**Assigned task**
From the data that follows, set down exactly the lines from the one with "Two friends vie" through the one with "High performance multi-material", counting both. Pictures stay out.

**Record set**
--- --- ---
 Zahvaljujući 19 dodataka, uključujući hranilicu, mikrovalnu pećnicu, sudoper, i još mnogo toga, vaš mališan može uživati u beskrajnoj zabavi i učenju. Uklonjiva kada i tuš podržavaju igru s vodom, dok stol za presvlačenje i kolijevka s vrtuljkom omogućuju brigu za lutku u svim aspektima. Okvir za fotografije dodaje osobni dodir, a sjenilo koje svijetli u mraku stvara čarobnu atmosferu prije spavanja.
--- --- ---
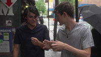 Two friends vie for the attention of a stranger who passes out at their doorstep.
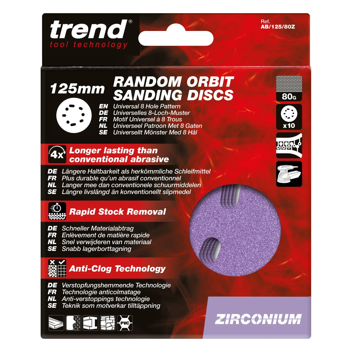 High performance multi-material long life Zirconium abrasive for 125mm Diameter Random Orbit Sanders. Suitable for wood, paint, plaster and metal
--- --- ---
**Output of the task**
 Two friends vie for the attention of a stranger who passes out at their doorstep.
 High performance multi-material long life Zirconium abrasive for 125mm Diameter Random Orbit Sanders. Suitable for wood, paint, plaster and metal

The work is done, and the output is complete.